Finally, the rate of SSI correlates positively with the number of staff and personnel turnover in theatre. Following the analysis of over 12,500 patients, Wathen et al. noted a 6% increase in the risk of infection for every additional individual in the theatre [24]. Also, the use of intra-operative equipment (such as microscopes, fluoroscopy, and intraoperative computed tomography [CT]) scan increases the risk of infection through breaches in the aseptic technique [12]. In our spine suite, we limit our team members to seven (two surgeons, two anesthetists, one anesthetist technician, and two nurses) which is aim to reduce theatre congestion and help reduce the rate of SSI.
Hypothermia
Intraoperative hypothermia is a risk factor for postoperative SSIs [16, 19]. It can lead to hypo-coagulation which can lead to increased blood loss. Based on current evidence, it is recommended that the body temperature is maintained between 36.5°C and 37.5°C during spinal procedures for optimal results [4]. Despite this, the temperature at our spine suite is maintained at 18.0°C-20.0°C and we have had a record of hypocoagulopathy causing significant blood loss with SSIs.
Blood loss
Increased intraoperative blood loss is associated with an increased rate of SSIs. As Zhou et al. in their study revealed that losing more than 500 mL of blood intraoperatively doubled the rate of infection [3]. This may be connected to the invasiveness/duration of surgery and the higher chances of anemia with associated poor tissue oxygenation cum perfusion, and peri-operative blood transfusion all of which are risk factors for SSI [7, 18]. Therefore, efforts should be made to minimize blood loss as much as possible.
Dura tear
Spine surgery complicated with leakage of Cerebrospinal Fluid (CSF) is associated with a higher infection rate [7]. This emphasizes the need to achieve a water-tight repair of the dura following a durotomy for a spinal tumor or unintended durotomy.
Postoperative factors
Drain
The use of a closed suction drain (such as a Redivac drain) decreases the risk of SSI after spine surgery by reducing the formation of epidural hematoma and tissue edema. However, unnecessarily prolonged use of a drain can become a nidus for the microbial portal of entry and proliferation as microorganisms can migrate into the wound via the drain tract. This is especially true when a drain is left in place after 1 week [23]. There is controversy in the literature regarding the best time to remove a wound drain. Some authors recommend removing drains when the output is less than 50 mL/day or on the fifth postoperative day if the output remains more than 50 mL/day [30]. However, recent knowledge suggests that drains can be safely discontinued within 24-48 hours, rather than using a specific drain volume [13, 16]. This method has been found to reduce SSI without any increased incidence of hematoma.

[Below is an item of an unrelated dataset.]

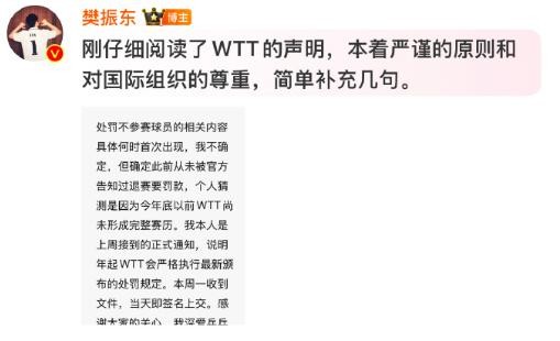 “个人猜测是因为今年底以前WTT尚未形成完整赛历。我本人是上周接到的正式通知,说明年起WTT会严格执行最新颁布的处罚规定。本周一收到文件,当天即签名上交。感谢大家的关心,我深爱乒乓球运动,也衷心祝愿国际组织越来越好。”

For us at Irrua Specialist Teaching Hospital (ISTH), we often use a wound drain (closed suction drain) and it is removed after 48 hours aiming to prevent epidural hematoma collection, and minimize SSI when removed early.
Position
Following a posterior approach to the spine, nursing a patient in the supine position is associated with an increased risk of SSI. In the supine position, the tissues around the surgical site are compressed against the bed and this can lead to local tissue ischemia, hypoxia, and muscle necrosis, resulting in poor healing and infection [30]. In addition, the wound is contaminated by the bed sheets and other fomites predisposing the surgical wound to infections. This can become a serious risk in patients with urinary and fecal incontinence [12, 30]. Thus it is recommended that patients be nursed in the lateral position with frequent turning and pressure-relieving beds. In addition, early immobilization after surgery greatly reduces the risk of surgical site infections [18].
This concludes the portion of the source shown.